The Revenue website states: “If you receive an interest-free loan, this is a benefit, and you may have to pay tax on it. The value of the benefit is the rate of return the funds would generate if they were invested on deposit.” However, it doesn’t specify the type of deposit or the bank.

Revenue link

In a Dáil Debate last November, Minister for Finance Michael McGrath implied that the applicable rate was the highest deposit rate available:

In the case of an interest-free loan, the person who receives the loan is deemed to take a gift for CAT purposes in each year they have the benefit of the loan. The gift is the interest-free element of the loan rather than the loan itself. The person will self-assess the value of this gift in determining whether or not any liability to CAT arises.​
For example, in the case of a two-year loan of €335,000 from parent to child, the best deposit interest rate available in the Irish market is currently around 3%. Based on this notional deposit interest rate of 3%, the value of the interest-free element of the loan is €10,050 for one year. After deducting the small gift exemption of €3,000, CAT will be due on the balance of €7,050 at the rate of 33%, provided that this amount, when aggregated with the value of any prior gifts or inheritances from within the Group A threshold, exceeds €335,000.​


McGrath’s response aligns with section 40 of the Capital Acquisitions Tax Consolidation Act 2003, which states that a tax-free loan “is deemed to consist of a sum equal to the difference between the amount of any consideration in money or money’s worth, given by the [lender] for [...] use, occupation or enjoyment, and the best price obtainable in the open market [my italics] for such use, occupation or enjoyment”:

Irish Statute Book link

However, in practice, this doesn’t seem to be strictly enforced.
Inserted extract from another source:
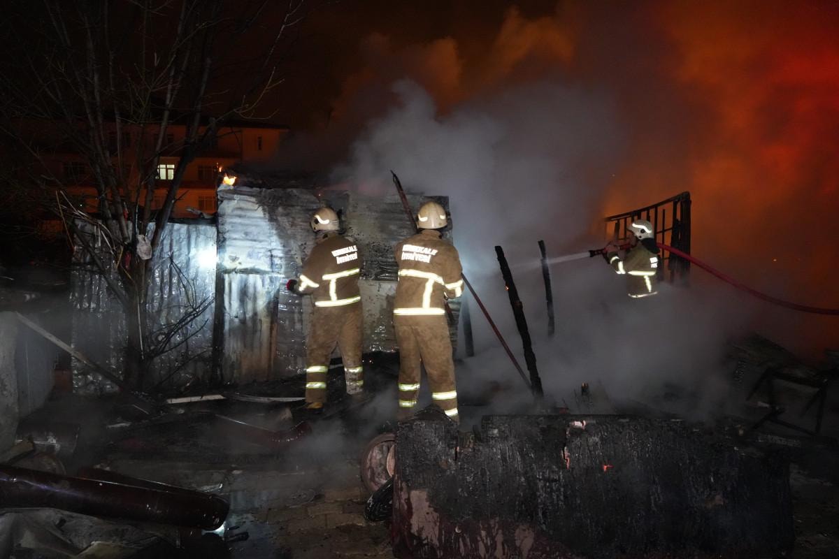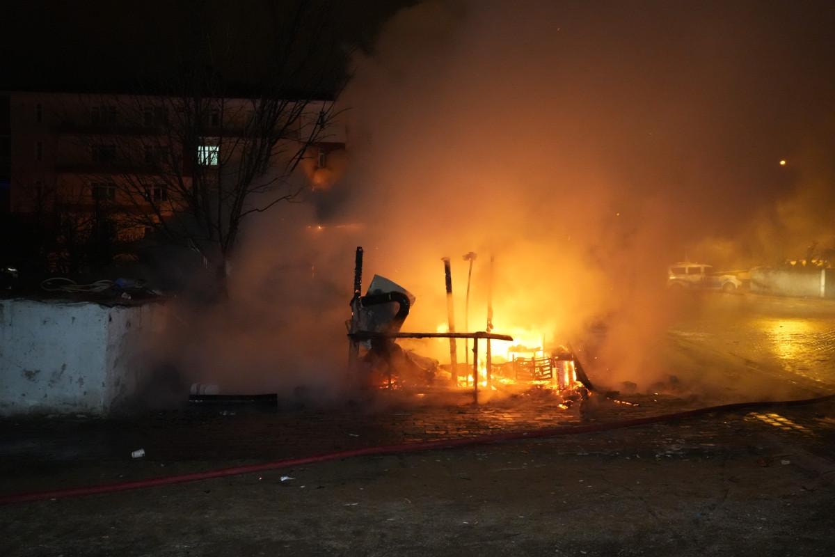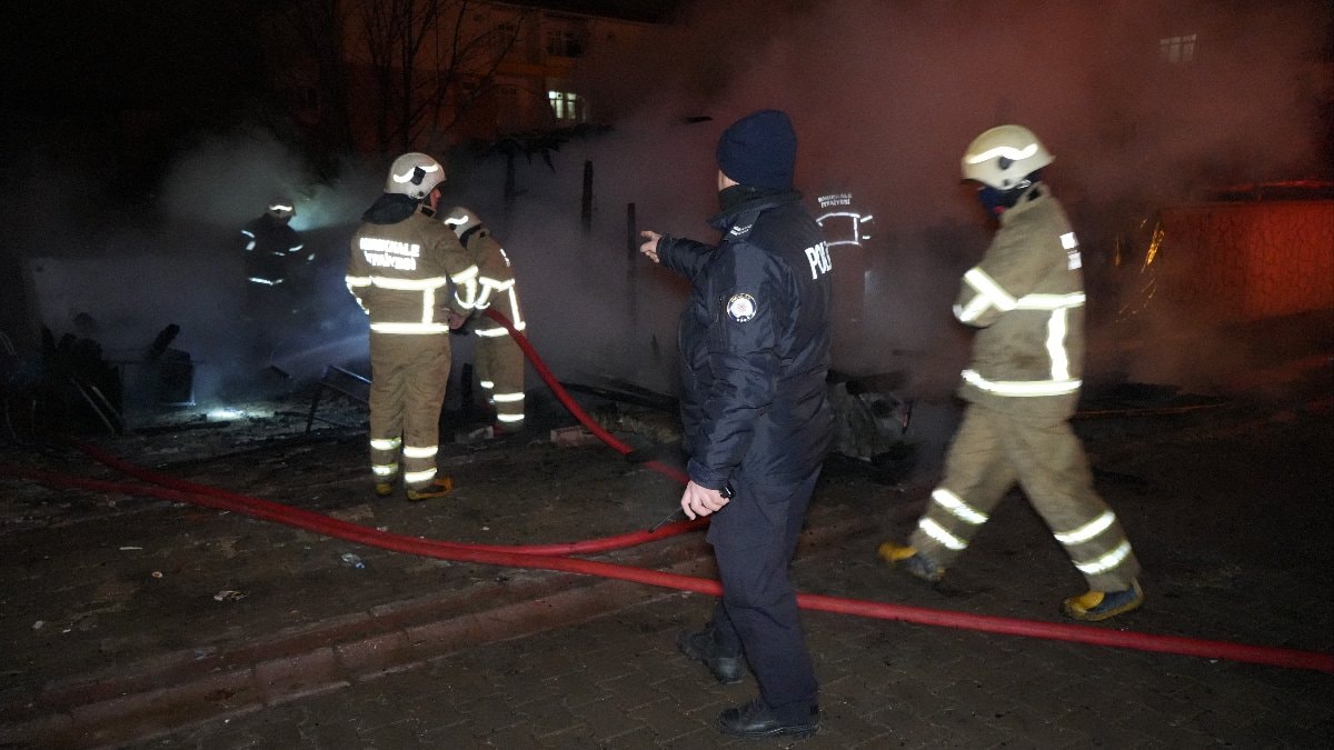 Maddi hasarın oluştuğu müştemilatta polis ekipleri inceleme başlattı.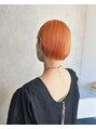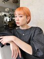ブリーチ一回で濃いめのオレンジ、モデルさんは2回程ブリーチしてます!伸ばしかけのショートをボブに

A recent Irish Times article on family loans states that “you will need to ensure you are charging at least your own bank’s demand deposit rate – which may change from time to time.”

Irish Times link

Suppose, for example, that a parent with a Bank of Ireland account extended an interest-free loan of €240,000 to a child to be repaid over two decades in monthly installments of €1,000. Applying the Bank of Ireland’s demand deposit rate as of August 2024 of 0.10%, the notional interest over the first year would total less than €240. Could the parent then effectively gift their child additional money by including a provision in the promissory note to reduce the remaining loan balance annually by an amount lower than the unused small gift exemption, say by €2,000, thereby realizing additional tax savings and decreasing the loan term from twenty years to seventeen? Or would the fact that no actual cash would change hands in such an arrangement mean that Revenue would not permit it?